Пока мы с женой мэра смотрели друг на друга, Юстокс с невозмутимым выражением лица закончил брать кровь. Слегка взмахнув ножом, он превратил его обратно в штап. Затем он снова взмахнул штапом и произнёс «а́усваль», от чего пергамент с кровавыми отметками окутало золотое пламя, словно магический договор. Пылая, лист пролетел над ящиком, который охранял Экхарт. Словно метеор, оставляя за собой хвост золотого пламени, пергамент сгорел и рассыпался пылью, которая опустилась на ящик. В следующий момент ящик загрохотал, хотя никто к нему не прикасался. Сначала открылось верхнее отделение, и из него вылетела медаль, затем остальные по очереди вниз, пока из ящика не вылетели все шесть медалей.

— О-о-о-о! — донёсся от людей на площади благоговейный возглас, когда белые медали, служившие регистрационными свидетельствами подданных, взмыли вверх и упали в ладонь Юстокса.

Он внимательно осмотрел их, а затем плавно подошёл к Фердинанду и опустился перед ним на колени.

— Прошу вас, господин Фердинанд, — сказал Юстокс, изящно протягивая медали.

— Благодарю, — ответил Фердинанд, принимая их.

После его слов Юстокс встал и сразу же вернулся к ящику. Плотно защелкнув замо́к, он встал перед ящиком, чтобы защищать его.

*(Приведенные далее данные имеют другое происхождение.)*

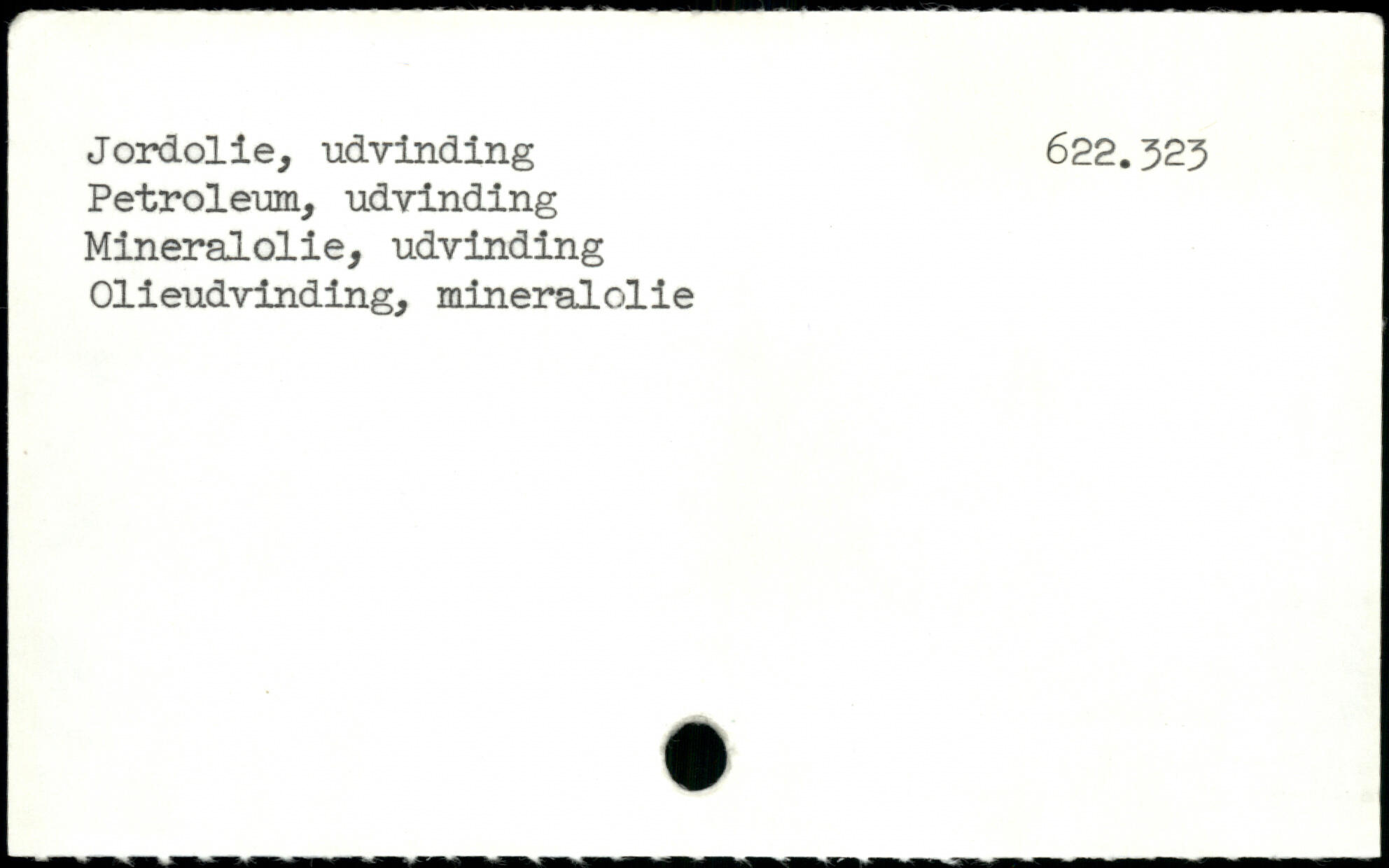 Jordolie, udvinding 622.323 Petroleum, udvinding Mineralolie, udvinding Olieudvinding, mineralolie

— Розмайн, отойди и встань рядом с Юстоксом, — указал мне Фердинанд.

После этого Фердинанд слегка взмахнул свободной правой рукой, и в ней появился штап. Понимая, что он собирается использовать какую-то магию, я сделала как мне сказали и отошла к Юстоксу. В центре сцены остался лишь Фердинанд.

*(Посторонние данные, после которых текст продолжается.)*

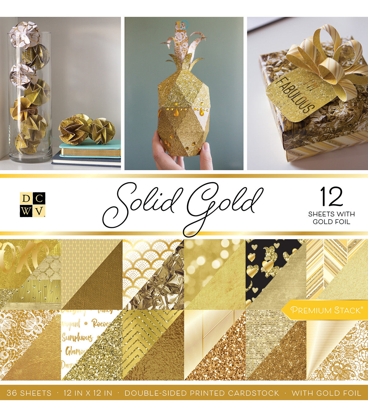 Glam up your projects, with the DCWV 12" x 12" Premium Printed Cardstock Stack-Solid Gold. Use these eye-catching, gold-hued prints, to add style to cards, scrapbooks and more. The pack contains thirty-six, 12 x 12-inch double-sided, printed cardstock pages, which work well with scissors, paper punches, scoring and distressing tools.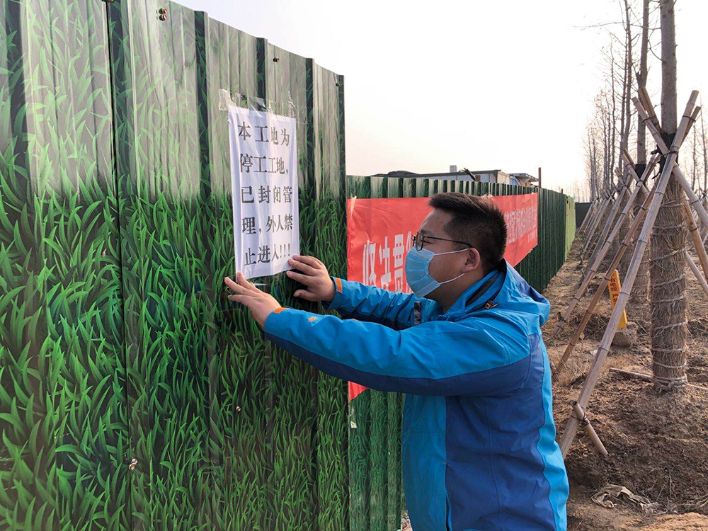 项目运营部张凯歌在工地多处张贴封闭管理公告

Он осмотрелся, чтобы убедиться, что поблизости никого нет, а затем высоко поднял штап. С конца штапа полилась магическая сила, образуя в воздухе перед Фердинандом сложные узоры и слова.

— Ах, я впервые это вижу! — взволнованно воскликнул Юстокс.

Его расширенные карие глаза сияли от радости. Он слегка наклонился вперёд, рассматривая магический круг, нарисованный Фердинандом.

— Юстокс, что происходит?

— Леди, такова казнь людей, что посмели восстать против герцога. Этому заклинанию учат только кандидатов в аубы, а поэтому никого не подпускают близко, когда оно произносится. Таким образом, никто не может услышать слова заклинания и рассмотреть детали сложного магического круга, — объяснил Юстокс. — Я знал, что существует магия, предназначенная специально для казни мятежников, но мне никогда не доводилось видеть её.

Судя по всему, такие казни были очень редки, потому что обычно никто не осмеливается восстать против герцога.

— Ох, я так рад, что смог приехать сюда в качестве служащего! — взволнованно произнёс Юстокс, сжав кулаки.

Услышав от Юстокса, что ему не терпится увидеть казнь, я наконец осознала, почему Фердинанд выглядел столь недовольным, когда тот прибыл, чтобы сопровождать нас. Я сделала шаг в сторону, чтобы оказаться от Юстокса подальше.

— Леди, однажды и вы научитесь этому заклинанию. Пожалуйста, сообщите мне, если у вас когда-либо появится возможность его использовать.

— Я буду молиться богам, чтобы у меня никогда не появилось такой возможности, — ответила я и мысленно добавила, что даже если такое произойдёт, то ни за что не стану ему сообщать.

После этого я вновь посмотрела на Фердинанда. Стоя в центре сцены, он взмахивал штапом. Судя по всему, он закончил рисовать магический круг, поскольку из того вырвался чёрный туман, колеблющийся словно пламя. Возможно, это было заклинание, связанное с Богом Тьмы. Я сделала такой вывод, потому что этот чёрный туман очень напоминал тот, что я видела во время засады, в которую мы попали на прошлогоднем весеннем молебне.

Губы Фердинанда, который не отводил взгляд от зловещего чёрного магического круга, шевелились, как будто он что-то напевал. Затем он разжал руку, и медали упали в мерцающий круг. Словно прилипнув к магическому кругу, они застыли в воздухе, а в следующий миг их окутало чёрным туманом.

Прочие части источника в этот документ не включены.